Le recours contre tiers, en cas d’accident de la vie privée ou du travail

Recours contre tiers : déclarer son accident à la MSA favorise une meilleure prise en charge pour l’assuré et limite les taux de cotisations AT/MP pour l’employeur.

Les adhérents du régime agricole, victimes d’un accident de la vie privée ou du travail causé par un tiers doivent le signaler à leur MSA pour qu’elle récupère les dépenses engagées auprès du tiers responsable ou de son assureur. Cette démarche permet une bonne gestion du système de santé, favorise une meilleure prise en charge pour l’assuré et limite les taux de cotisation AT/MP de l’employeur.

Le recours contre tiers s’exerce pour tous types d’accidents de la vie privée et du travail causés par une autre personne, par un objet  ou un animal appartenant à autrui, d’un accident imputable au mauvais état de la voirie ou d’un accident médical.

Le recours contre tiers est une démarche citoyenne favorisant la bonne gestion du système de santé

En cas d’accident de la vie privée, la prise en charge des soins est assumée par l’assurance du tiers responsable et non par la collectivité (assurance-maladie). En permettant à la MSA d’exercer ce recours contre tiers, la victime d’un accident contribue à la bonne gestion du système de santé et à sauvegarder le système de protection sociale fondée sur la solidarité. Il s’agit d’un geste simple, utile et citoyen qui évite à la MSA de supporter des coûts qui ne lui incombent pas.

Le potentiel de gains pour la branche maladie de la MSA est estimé à entre 55 et 65 millions d’euros par an.

Le recours contre tiers peut permettre à la victime de bénéficier d’une meilleure couverture de son préjudice par l’assureur du responsable

Par ailleurs, la victime de l’accident peut avoir droit à une meilleure couverture de son préjudice grâce une prise en charge de frais complémentaires non couverts par l’assurance maladie (frais dentaires, optique, perte de salaire, prix de la douleur…) et éventuellement à une réparation de préjudices liés aux dommages matériels, souffrances physiques et morales, préjudice esthétique et d’agrément.

Le recours contre tiers est également un enjeu pour les employeurs qui peuvent ainsi bénéficier d’un calcul à la baisse de leur taux de cotisation AT/MP

Ce dispositif est également valable lorsqu’un salarié est victime d’un accident du travail ou de trajet causé par une tierce personne. Dans ce cas, l’employeur doit signaler l’existence du tiers responsable de l’accident à la MSA pour bénéficier de la rectification et du calcul à la baisse de son taux de cotisation accident du travail / maladies professionnelles (AT/MP).

Comment effectuer sa déclaration d’accident ?

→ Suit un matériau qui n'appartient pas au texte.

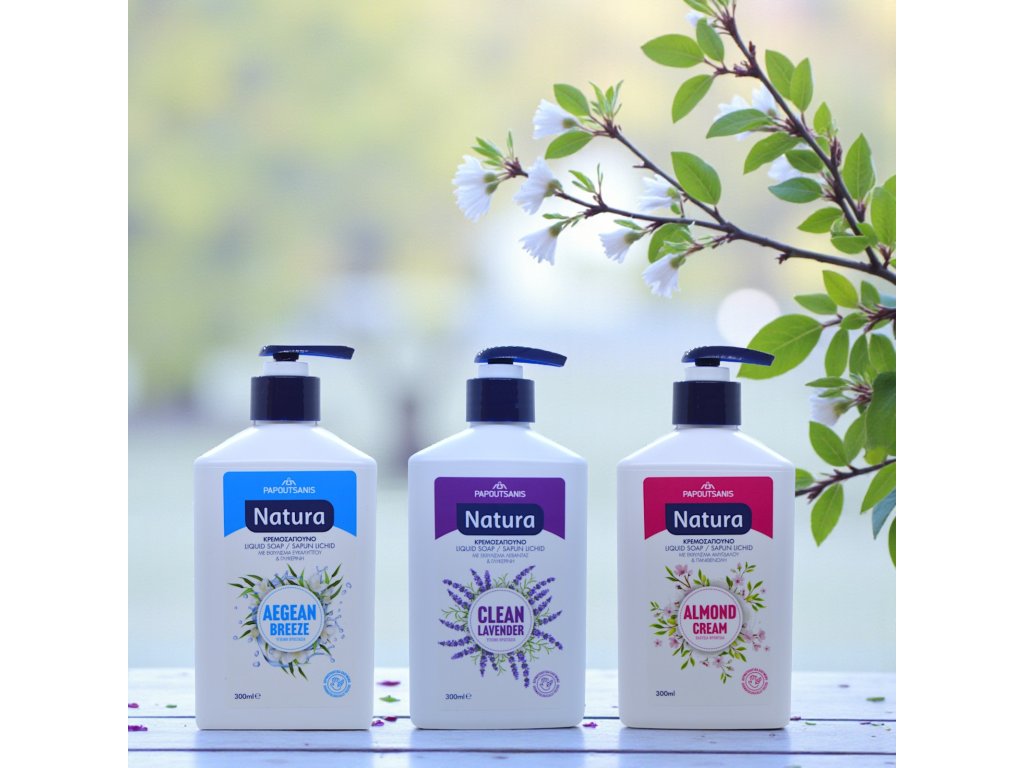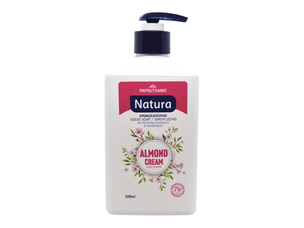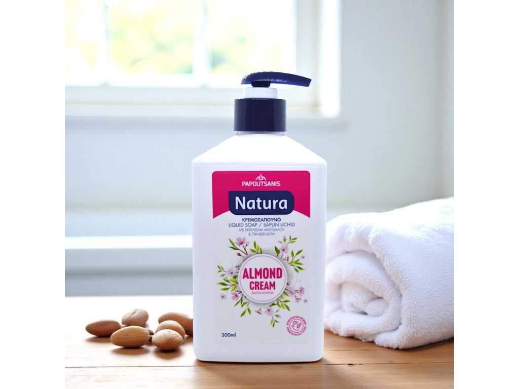 Experimentați o atingere a Mediteranei cusăpun lichid Natura Papoutsanis Almond Cream, care aduce echilibrul perfect între îngrijirea naturală și parfumul moale și cald al cremei de migdale.

La victime doit informer son médecin de la responsabilité d’un tiers pour qu’il puisse cocher sur les feuilles de soins la mention « accident causé par un tiers » qui permettra à la MSA de déclencher la procédure de recouvrement.
De plus, toute victime (ou ayant droit) doit effectuer dans les quinze jours une « déclaration d’accident » auprès de la MSA à l’aide du formulaire accessible sur msa.fr : http://www.msa.fr/lfr/documents/11566/48449/Formulaire+-+Questionnaire+accident.pdf

Les accidents même anciens de plusieurs mois voire années peuvent être signalés.

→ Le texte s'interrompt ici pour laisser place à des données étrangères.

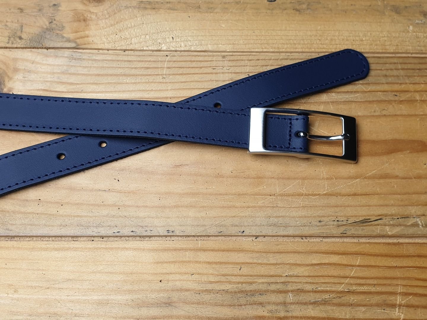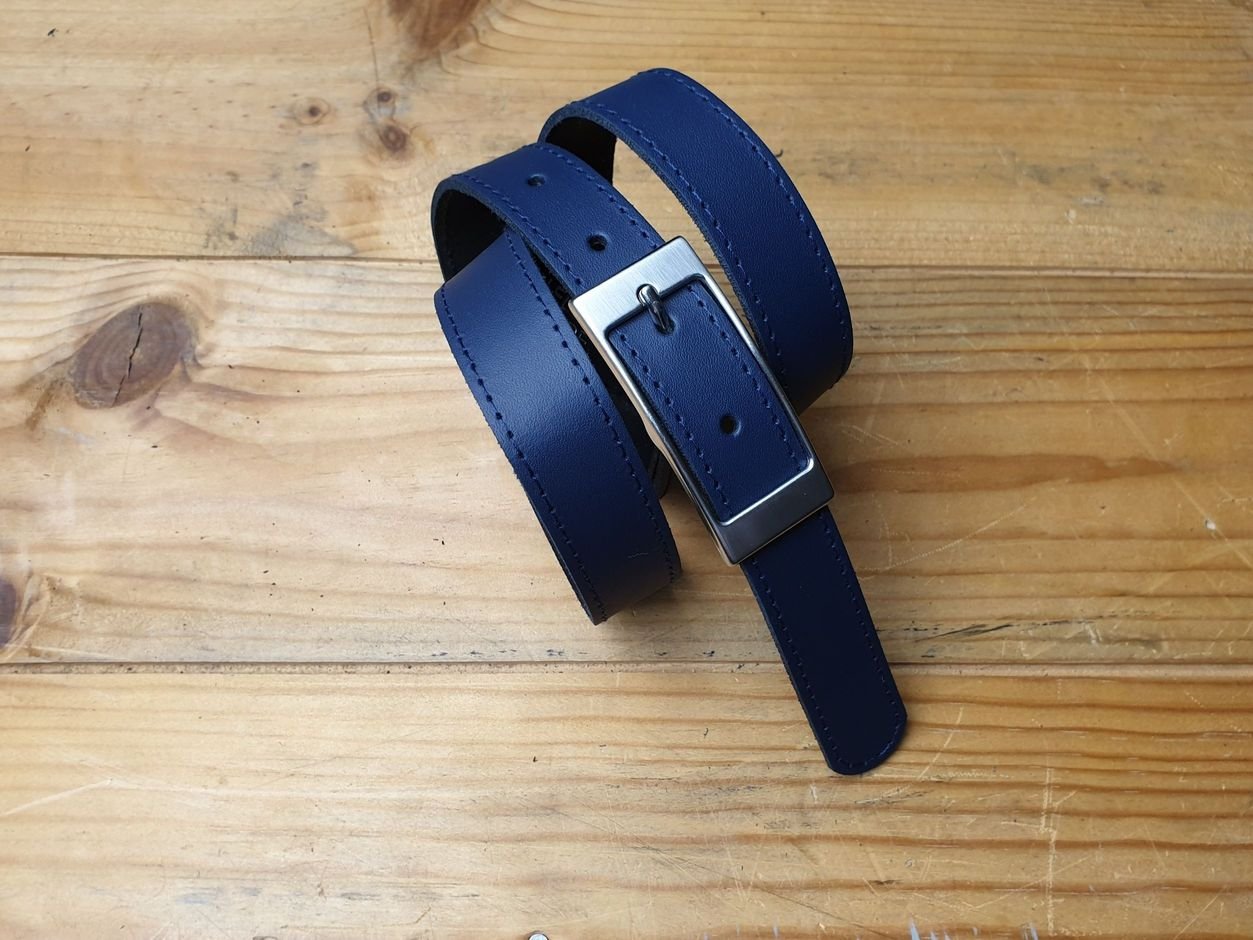 Egal ob Business oder Freizeit. Er passt immer. Marine Ledergürtel 2.5 cm breit in Spaltleder mit ganzer Schliesse silbrig satiniert, nickelfrei.

Qu’en est-il des remboursements des frais de santé ?

La MSA se charge de rembourser, pour tous, les frais de sante lies a cet accident, selon les conditions, taux et délais habituels. Ensuite, la MSA se mettra en rapport avec le tiers responsable ou son assureur afin de se faire rembourser des frais engagés pour soigner la victime ou se faire indemniser.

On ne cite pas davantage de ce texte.